そしてそこの理解をよりクリアにするために、前提として説明しておきたいのが、連載開始当初からさらさらと何度か触れてきた「かかりの深さ」。まずここからおさらいしていきます。「かかり」については、連載21回<石黒式ダジャレ構造分類14種の解説前編> など参照に。
素材語と加工語。その2単語の文字を、ローマ字として考えて同じ部分を僕は「かかり」と呼んでいます。ローマ字でという意味はつまり<音として捉える>ということです。そして同じ部分が少なければ「かかりが浅い」、多ければ「かかりが深い」と表現します。そしてかかりは、深ければ深いほど、ダジャレとして粋ということ。ここでいつものように実例を。
<池脇シズル感>これはまあまあ、かかりが深くて好きです。<池脇千鶴>と<シズル感>がかかっている部分をローマ字で見てみると<hizuru>。この場合、前後にほどよく両単語のかかっていない部分があって、わかりやすさや面白みという点で、ここちよい作品です。

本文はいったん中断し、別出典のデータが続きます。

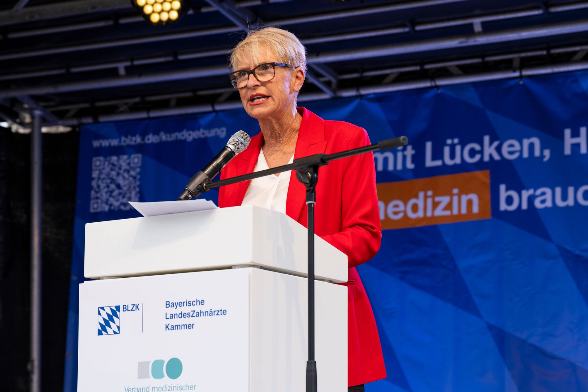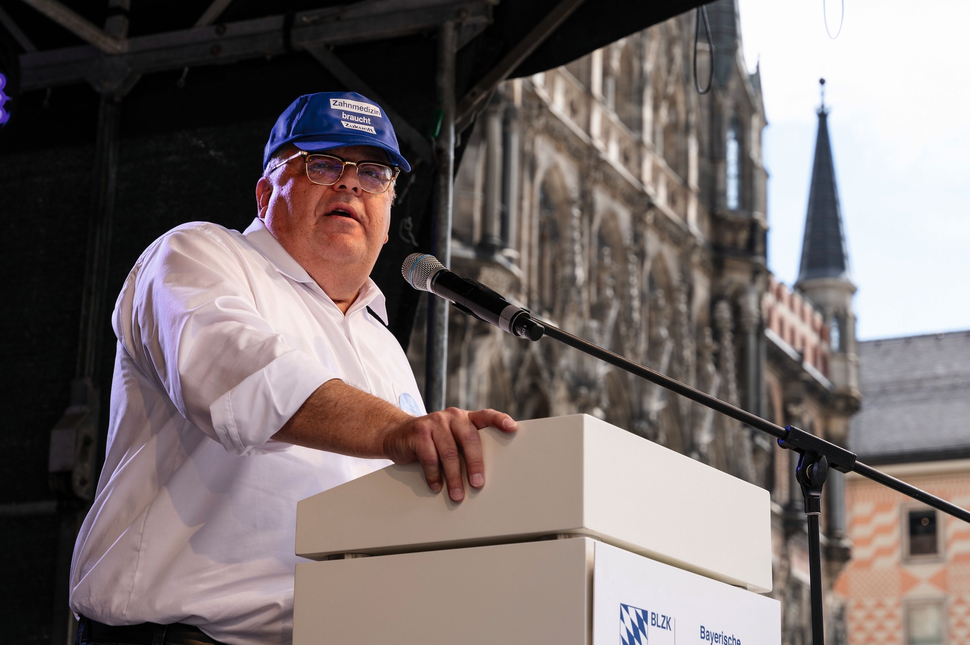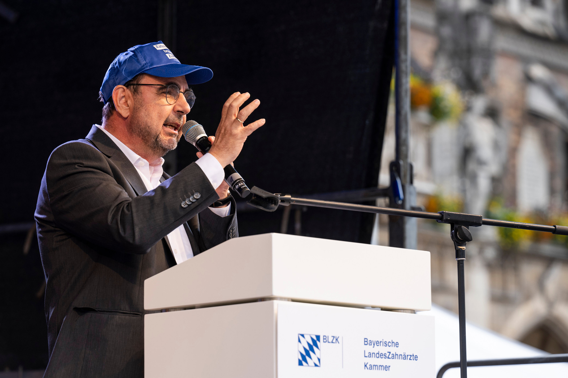 BLZK-Präsident Dr. Dr. Frank Wohl betonte in der Eröffnungsrede die große Bedeutung der Protestaktion: „Die heutige Veranstaltung war dringend notwendig. Wir brauchen bessere Perspektiven für unsere zukünftige Arbeit und setzen uns für Bürokratieabbau, für die längst überfällige Anpassung der Gebührenordnung für Zahnärzte (GOZ) und gegen den Aufkauf von Praxen durch Finanzinvestoren ein. Unsere Patientinnen und Patienten sind die Leidtragenden, wenn für die Praxis am Ort kein Nachfolger in Sicht ist oder wenn der nächste Zahnarzttermin in weiter Ferne liegt, weil die Bürokratie zu viel Behandlungszeit verschlingt. Uns hat bislang immer ausgezeichnet, dass wir für eine moderne und wohnortnahe zahnmedizinische Versorgung der Bevölkerung in unserer bayerischen Heimat sorgen – das soll auch in Zukunft so bleiben!“

しかし、2単語の文字数が全然違っていたら、どちらかの語に完全に含まれてしまうケースも多々ある。円を使った集合図で、1つの円の中に、もう一方の大部分が内包されている状態と思っていただければ。
<予感シュトラウス>これは、<K>と<H>がかかってないだけであとは含まれていますね。かかりの深さ的には相当なもの。
さらにいきつくと<完全一致>という究極のかかりものがあります。
<印籠>これは、野球の内角低め<インロー>と発音はまったく同じ。 ここまで美しい形になると粋の極みではあるのですが、気付いてもらえないことも多いので用法を工夫しないと一般的な会話では使いにくい。
たとえばフリを入れる。野球の話の中にこれをかますなら、水戸黄門が印籠を差し出す真似にするとか、水戸黄門の話の中なら、バットを構えて足下のボールを見送る真似をするとか。ただ発しても気付かれませんから。